_WHAT YOU WILL DO_. Exactly as they appear, write the lines from the one containing "Cotton Kingdom 가을, 겨울" to the final line of the entries, leaving pictures out.
### MATERIAL FOR THE TASK
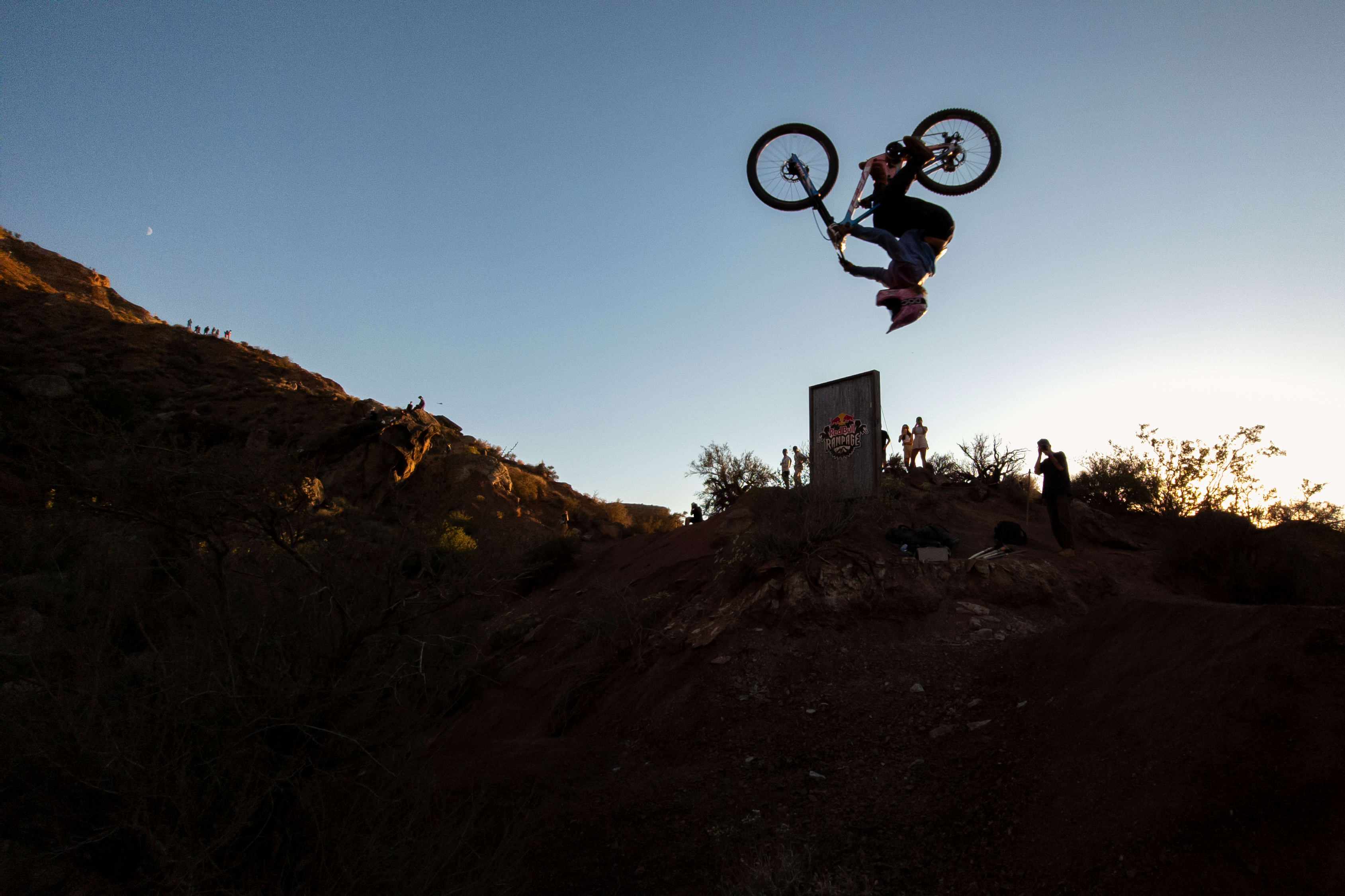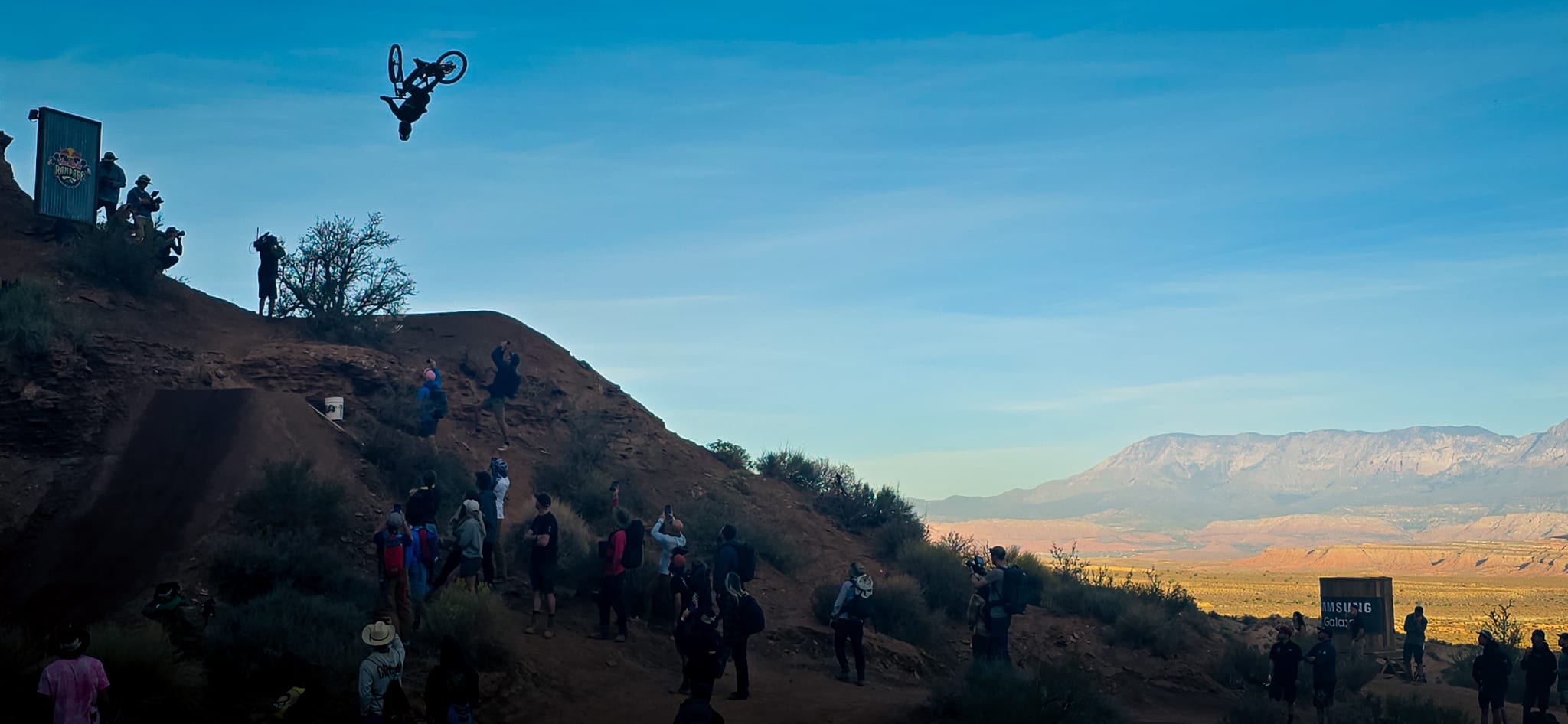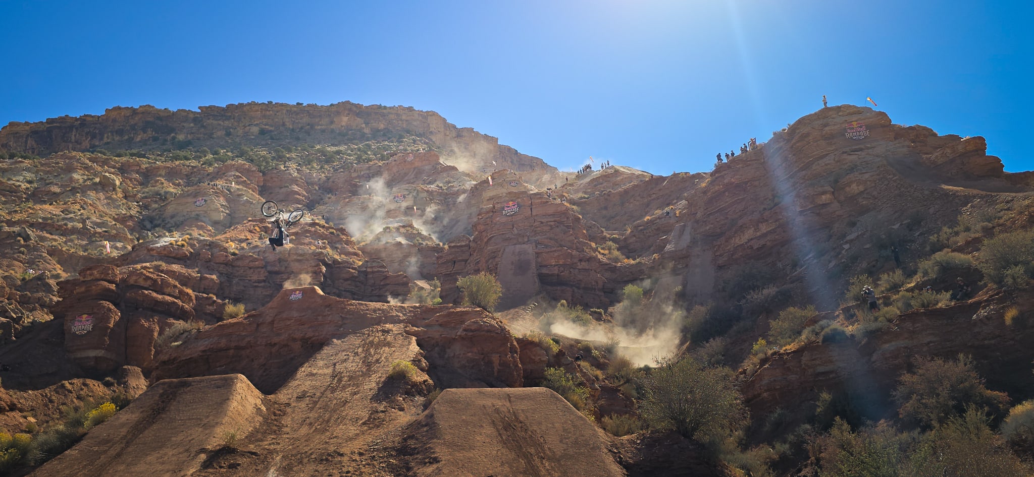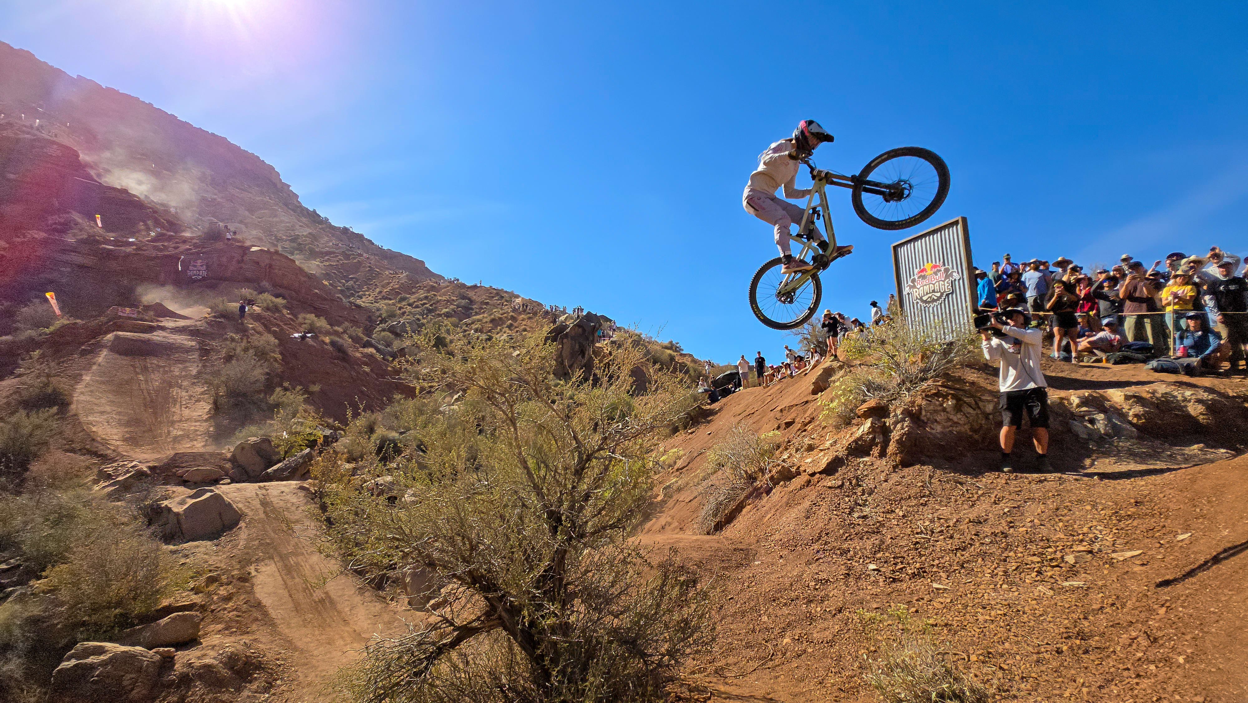 The desert landscape of Red Bull Rampage is a dynamic workplace. Getting the shot means navigating the harsh and exposed terrain of the venue, all while not missing a rider when they drop in.
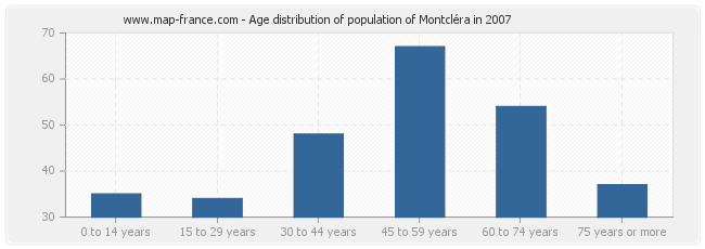 - Population of Montcléra from 30 to 44 years : 48 inhabitants
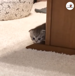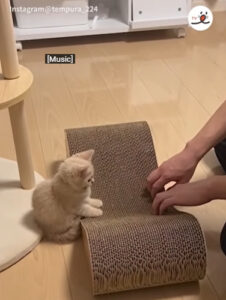 子猫に爪とぎのやり方を教えています。オチはお察しかもしれませんが・・とってもかわいいのでぜひ最後までご覧ください。
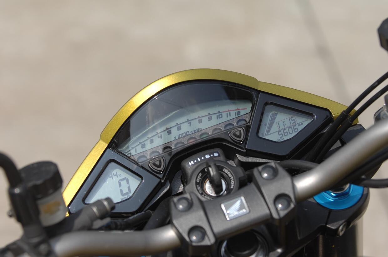 Il motore quasi sorprende perché ha una buona risposta anche ai medi regimi, cosa rara per un 600 quattro cilindri di origine sportiva (deriva da quello della CBR 600 RR). Il grosso cruscotto sopra il faro non è bellissimo da vedere, però toglie un po’ di aria dal petto del pilota migliorando il comfort quando si viaggia in autostrada.
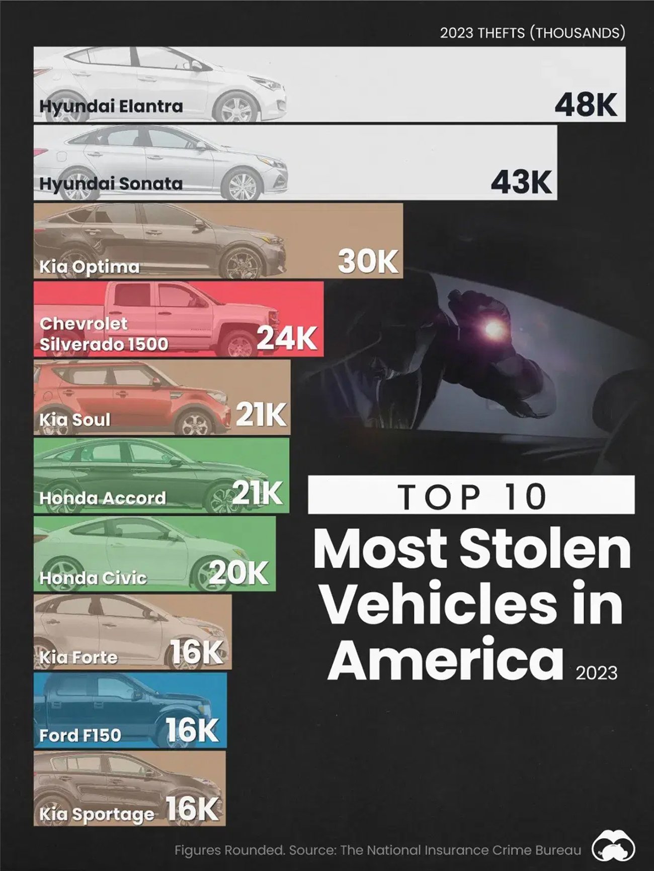 자동차 도난이 증가하고 있고, 가장 많이 도난당한 자동차는 한국산 자동차인 것으로나타났다. 마켓워치(MarketWatch)는 지난달 12일 보험법죄국(National Insurance Crime Bureau·NICB)의 자료를 분석해
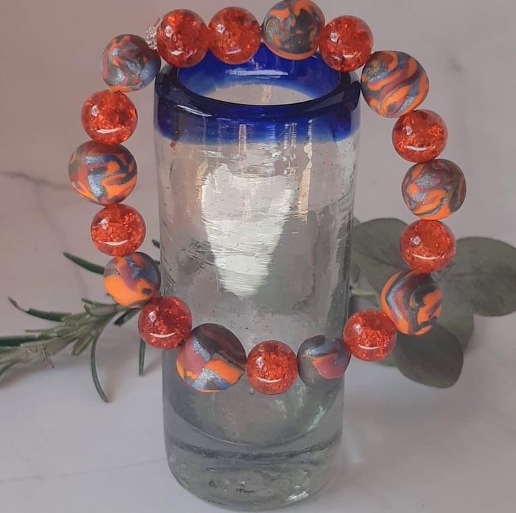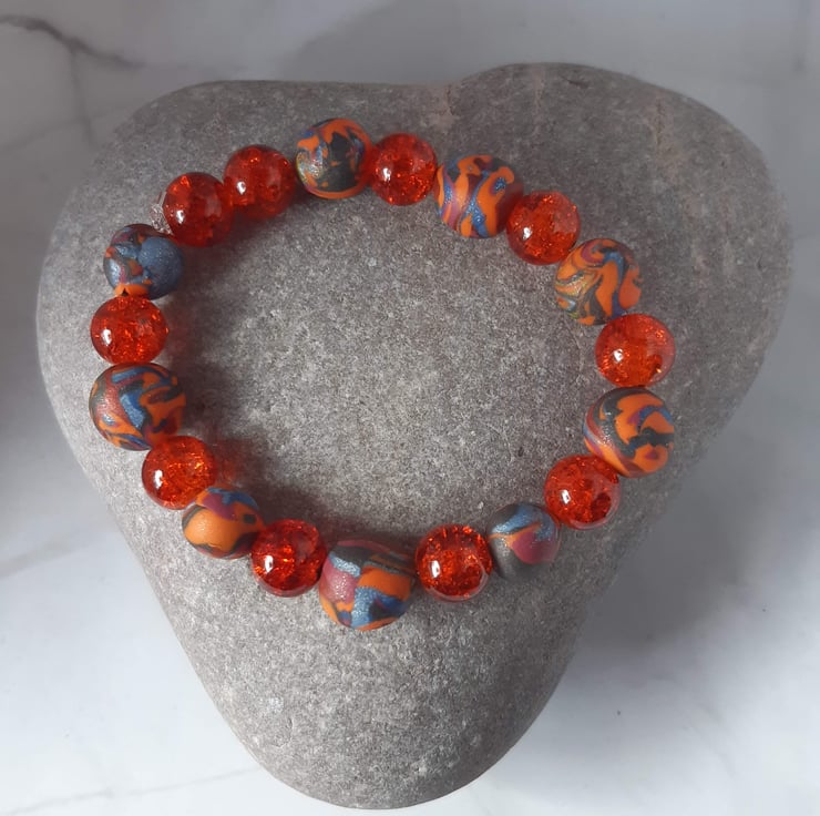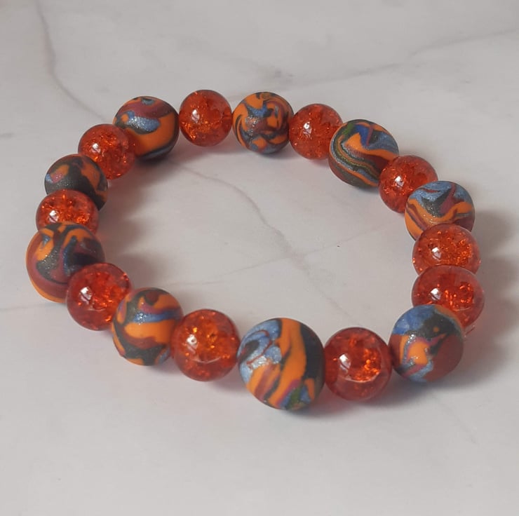 The polymer clay beads measure between 12.8mm and 10mm and are paired with 10mm orange crackle beads to create a colourful bracelet for everyday wear to as a gift to a friend
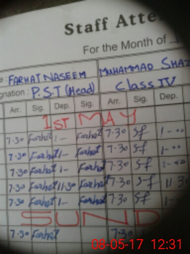 | Name: Su**** Fa**** Designation: (School Headmaster's/Headmistress's) PST Phone/Cell Number: 03**** |
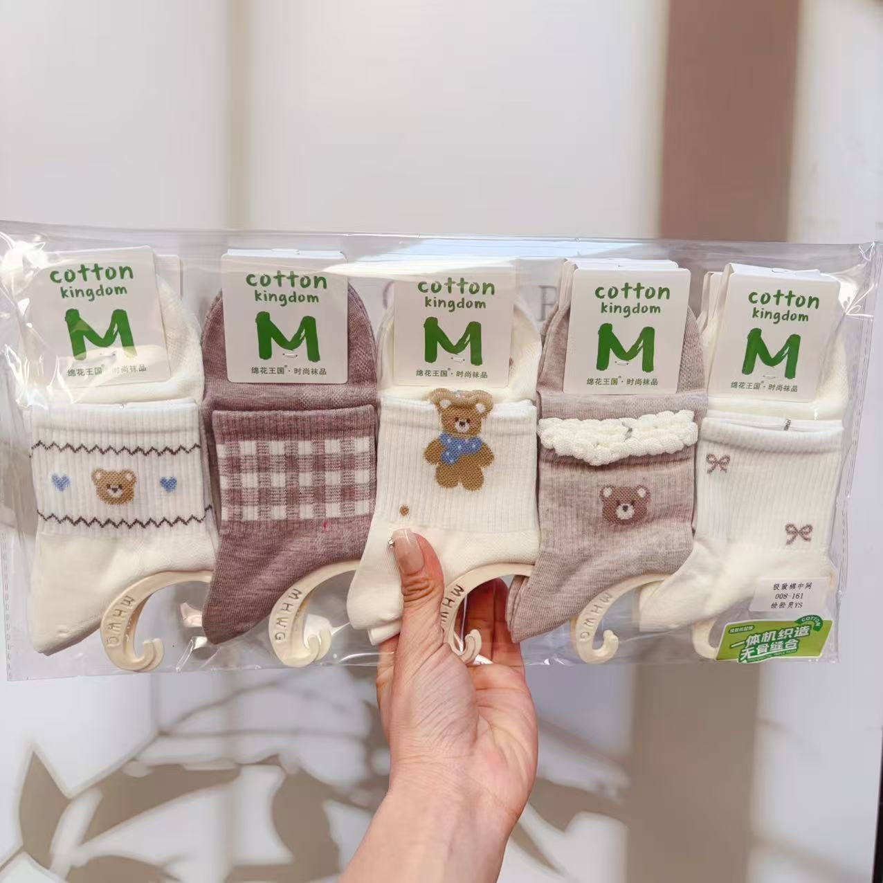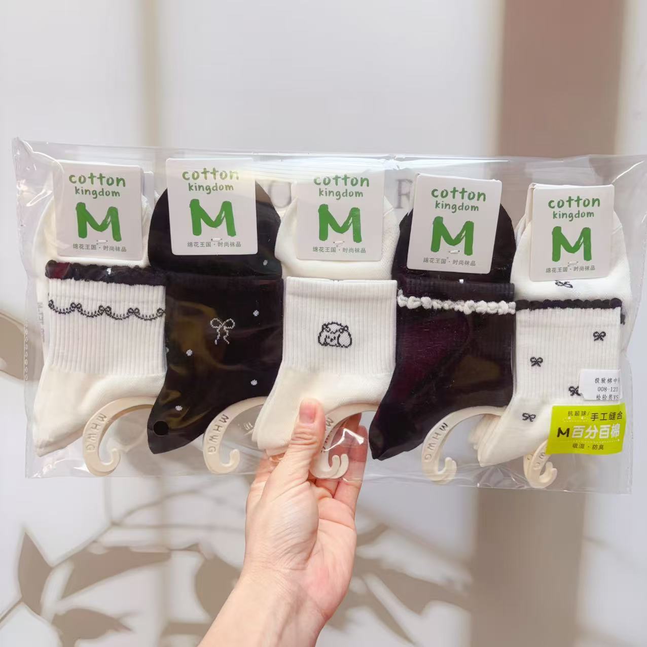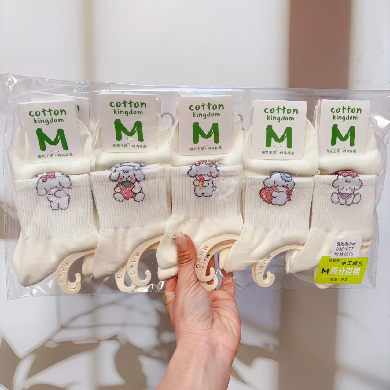 Cotton Kingdom 가을, 겨울 새로운 여성 중간 튜브 양말 만화 여성 양말 일본 대학 스타일 한국 스타일 학생면 양말스토어 가기
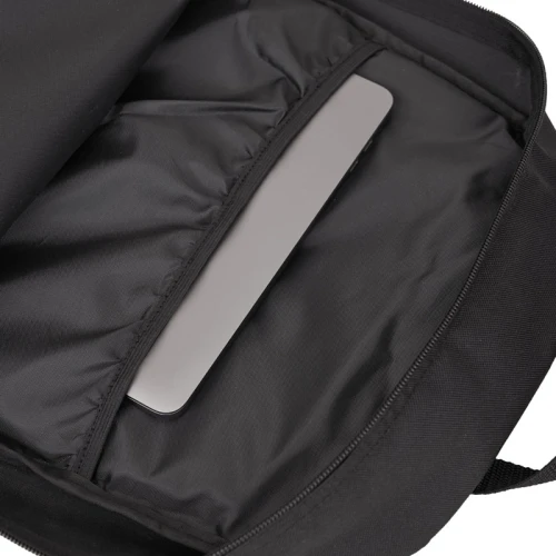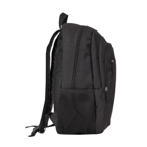 Mochila portanotebook, con respaldar acolchado, confeccionada en 100% polyester. Cuenta con dos bolsillos principales, un segundo bolsillo frontal, y laterales de red para transportar botellas o pequeños objetos. Dimensiones: 32 ancho x 45 de alto x 14.5 de profundidad. Capacidad: 21 litros . Notebook: 15,6".
######
_EXERCISE RESULT_.
 Cotton Kingdom 가을, 겨울 새로운 여성 중간 튜브 양말 만화 여성 양말 일본 대학 스타일 한국 스타일 학생면 양말스토어 가기
 Mochila portanotebook, con respaldar acolchado, confeccionada en 100% polyester. Cuenta con dos bolsillos principales, un segundo bolsillo frontal, y laterales de red para transportar botellas o pequeños objetos. Dimensiones: 32 ancho x 45 de alto x 14.5 de profundidad. Capacidad: 21 litros . Notebook: 15,6".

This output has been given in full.